There are several more films of Bernhard on YouTube, but I recommend Das War Thomas Bernhard, a nice 49-minute anthology of his television and film appearances between 1967 and 1988, with English subtitles. It includes a three-minute segment of Drei Tage (starting about 9:50), the section in which Bernhard talks about his literary influences (see pages 129-131 of 3 Days). And here is a short film interview of Radax himself conducted by Georg Vogt (in German).

 

 

9 Comments Post a comment
  1. Some works about Bernhard are as interesting as the works of Bernhard himself. I will purchase the book as soon as possible.
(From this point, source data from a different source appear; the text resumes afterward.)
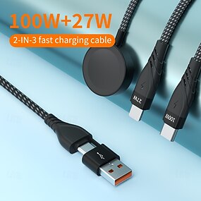 Articoli essenziali da viaggio per caricabatterie Apple Watch 3 in 2, cavo USB C, cavo di ricarica multiplo USB C/L per auto, articoli essenziali da campeggio, caricabatterie iWatch per Ultra/SE/10-1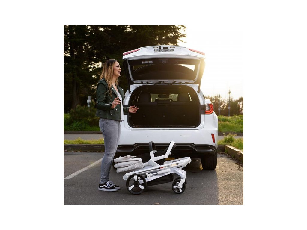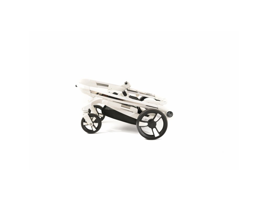 Kočárek velmi snadno a rychle složíte do kompaktního tvaru pro převážení např. v kufru auta.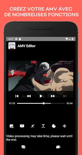 Remarque: Cette application n'est qu'un outil. Ce n'est pas une application officielle. Vous ne pouvez pas télécharger de vidéo ou de musique via cette application. Vous ne pouvez modifier que l'amv qui se trouve sur votre téléphone.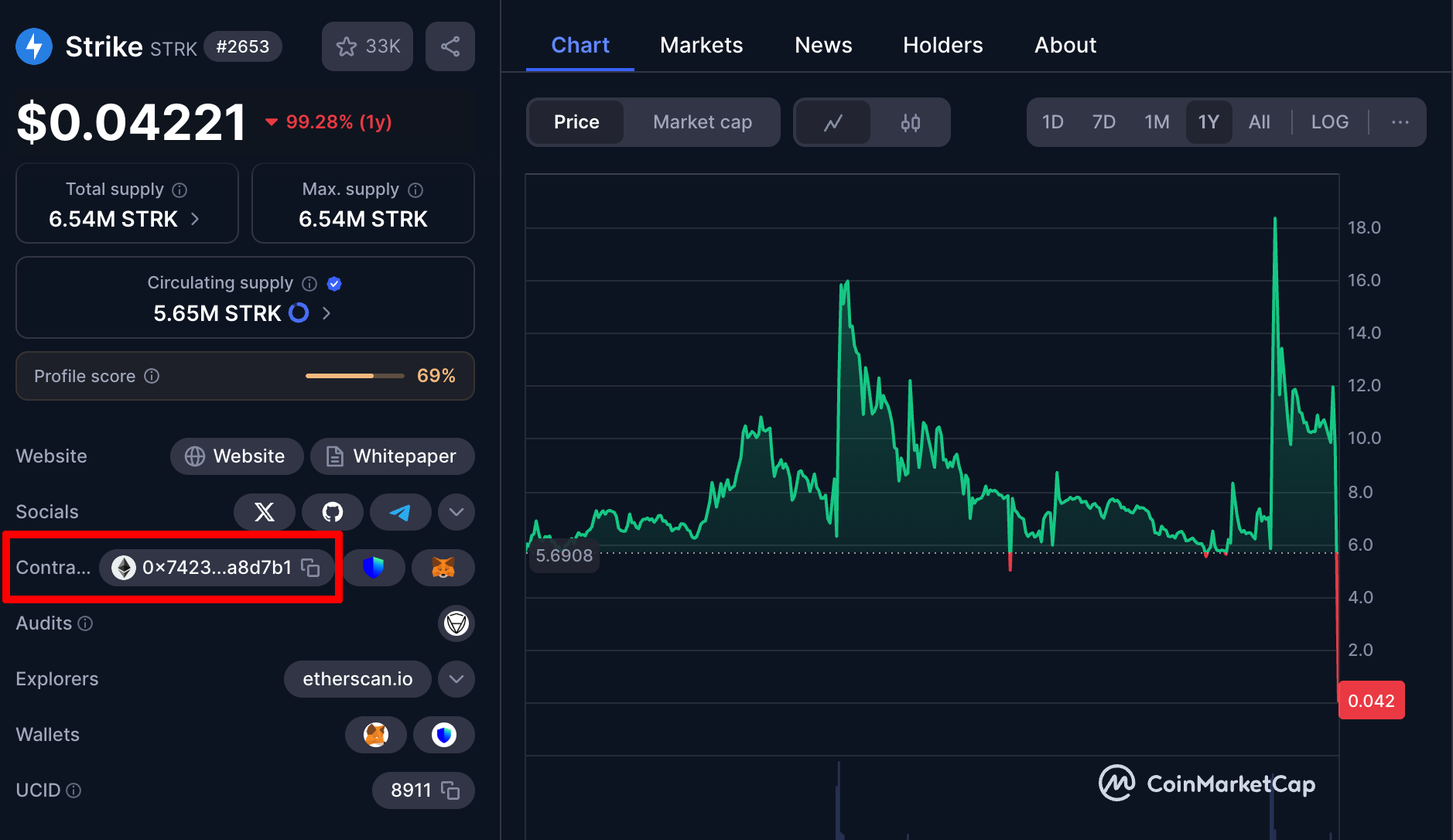 업비트에 메타마스크 또는 OKX 지갑과 같은 개인 지갑 주소를 등록 후 출금을 완료해주세요. 다음으로 유니스왑 및 1인치 거래소에 접속하여 스트라이크 컨트랙트 주소 0x74232704659ef37c08995e386a2e26cc27a8d7b1를 정확하게 붙여넣어 줍니다.
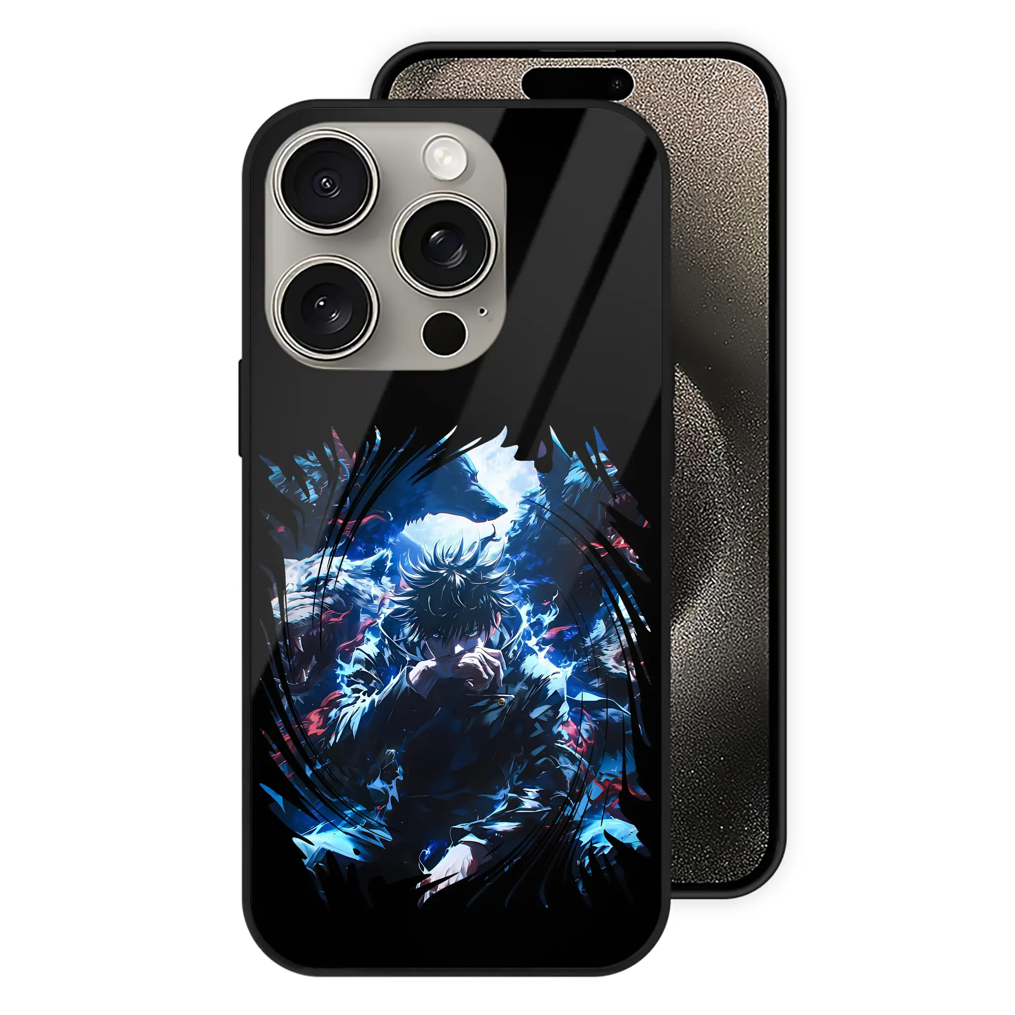 呪術廻戦 グッズ,伏黒 恵 - IPhone15Pro対応 ・ スマホケース ・ 背面ガラス ・ TPU+強化ガラス ・ 耐衝撃 ・ 黄変防止 ・ ワイヤレス充電対応 ・ 3D立体ボタン
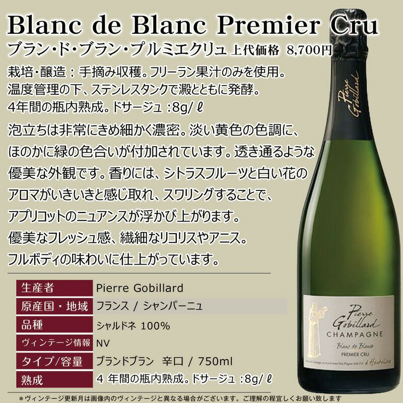 他の画像を見る ドンペリニヨン修道士の肖像を描く事を許されたシャンパーニュメゾン「 Pierre Gobillard 」ブリュット・ロゼ・プルミエクリュ&ブラン・ド・ブラン・プルミエクリュ おすすめ 重め 辛口 クール便選択可 通常価格 ¥ 16,500 のところ 当店特別価格 ¥ 15,980 税込 シャンパーニュ生誕の地ドンペリニョンの肖像を描くことが許されたシャンパンは僅か3社(JM Gobillard , G Tribaut )。デュセールジュルベールワインガイド5ッ星ブランドブラン カートに入れる お気に入りに登録する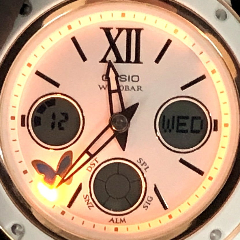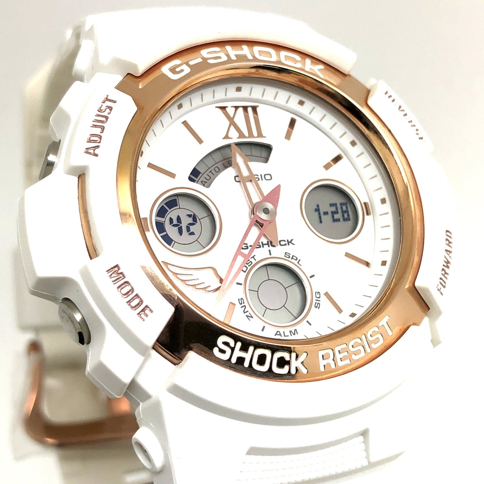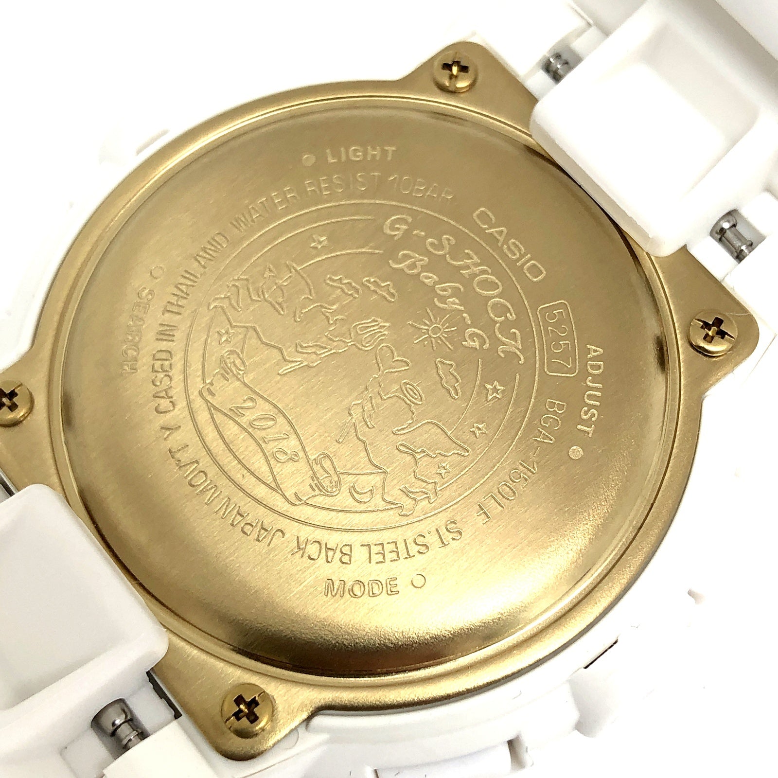 | コメント | 2018年11月に発売された、毎年クリスマス限定ペアウォッチとして人気の「G Present’s Lover’s Collection(ジープレゼンツラバーズコレクション)」です。2018年は「Love is tough」がテーマとなっており、苦難を乗り越え永遠の愛を貫いた神(キューピッド)と人間(プシュケ)が表現されています。ベースにはメタルベゼルが採用されたアナログ/デジタルモデルAW-591とBGA-150が採用され、ベゼルとバンドにはホワイトが採用され、ベゼルリングやインデックス、時分針などのメタルパーツにはゴールドが配色されています。裏蓋にはラバーズコレクションのシンボルマークである「天使と悪魔」が刻印され、G-SHOCK35周年を記念してゴールドIPが施されています。 |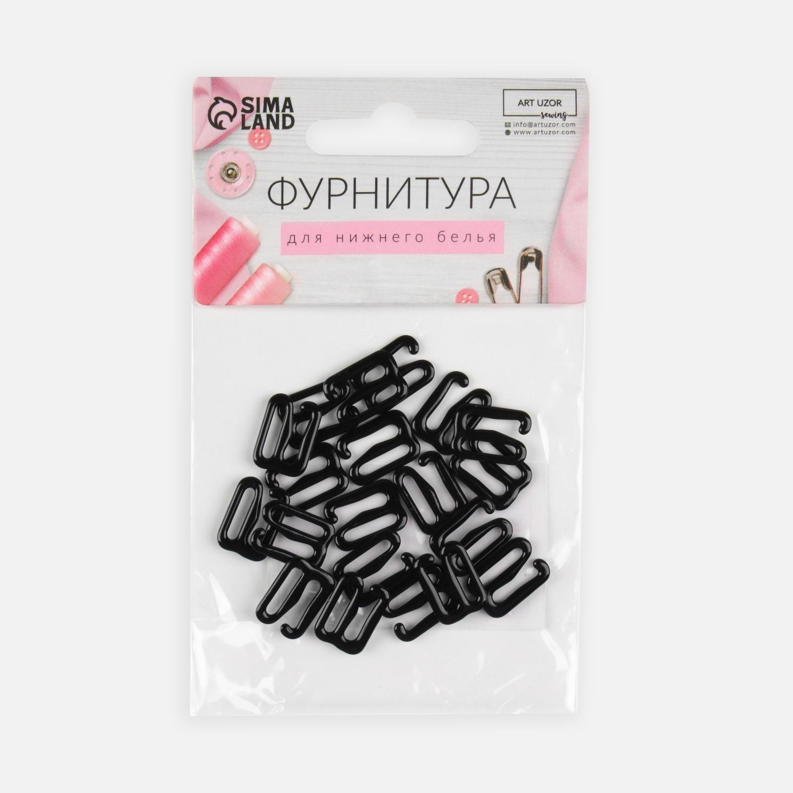 Крючок для бретелей, металлический, 10 мм, 20 шт, цвет чёрный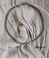 ビンテージブラックパールのデザインネックレス/金属アレルギー対応(サージカルステンレスL316使用)

I had been aware of the film but since I know no German I was not able to understand the version that is in youtube. Have you read “Counterpoint” by Don DeLillo? It is some sort of essay about Berhnard, Glenn Gould and Thelonious Monk. It is usally published with photographs. I think it was originally serialized in a magazine. In Spanish it was published in a very beautiful and small book. I found a blog that has it and I believe it is the complete text: http://songosmeltingpot.blogspot.mx/2015/02/don-delillo-writes-about-thelonious.html

    Iván O.L.

    November 10, 2016
    • Ivan, Thanks! That’s a terrific essay. And, thanks for making a link to Vertigo on your blog https://elestadiodewimbledon.wordpress.com/
      (Someone needs to translate Del Giudice’s novel into English.)

      November 10, 2016
      • Yes, it would be great. Enrique Vila-Matas was heavily influenced by that novel when he was writing Bartleby & co. I think he mentions it a couple of times in the text. I thought that the succes of Vila-Matas in the States and the UK would help in the re-discovery of some of the writers he writes about. The second novel by Del Giudice, Atlante Occidentale, was translated into English some time ago, although with other title. It is also an amazing novel, very different from El estadio…

        November 10, 2016
      • Ivan, I’ve just order Del Giudices “Lines of Light.” Thanks for the tip.

        November 11, 2016
  2. Thanks so much for your splendid review, Terry. I’ve passed it along to Ferry Radax’s son, Felix, to share with Ferry, and to Georg Vogt, who was here in NY for our Anthology Film Archives screening of the film and celebration of the book. They are most appreciative, as am I. As I said at the screening, Ferry Radax has said that a film portrait should portray a subject the way he would portray himself. I found his film so successful, I was compelled the moment I first saw the film to put it into book form so that readers can pick it up anytime to read and see the images. Thanks again for your great review.

    November 11, 2016
    • Laura, I am thrilled to hear from you. Thanks for the kind words. I learned more about Bernhard from this film than from his own autobiography “Gathering Evidence.” Congratulations to Blast Books.

      November 11, 2016
      • Thank you, Terry. This is such a significant film–it predates Bernhard beginning to write what became a 5-volume autobiography over several years. Radax has said the film is what gave Th. B. the impetus for the autobiography. By the way, if you wondered about the crane scene, as many do–Radax talked about it in his interview with Georg Vogt–it’s a nod toward Mie in Japanese Kabuki theater, a radical break to create tension between the penultimate and ultimate scene, and a furtherance of his extreme distance and closeup technique.

        November 11, 2016
  3. My own translation of the text and Bernhard’s note about making the film is from the Suhrkamp Taschenbuch German text and it is authorized for publication by Residenz Verlag and the Bernhard estate. Our book includes more than 160 images from the film licensed by filmmaker Ferry Radax, which do not appear in the Suhrkamp book, as well as an afterword by Georg Vogt, and an appendix.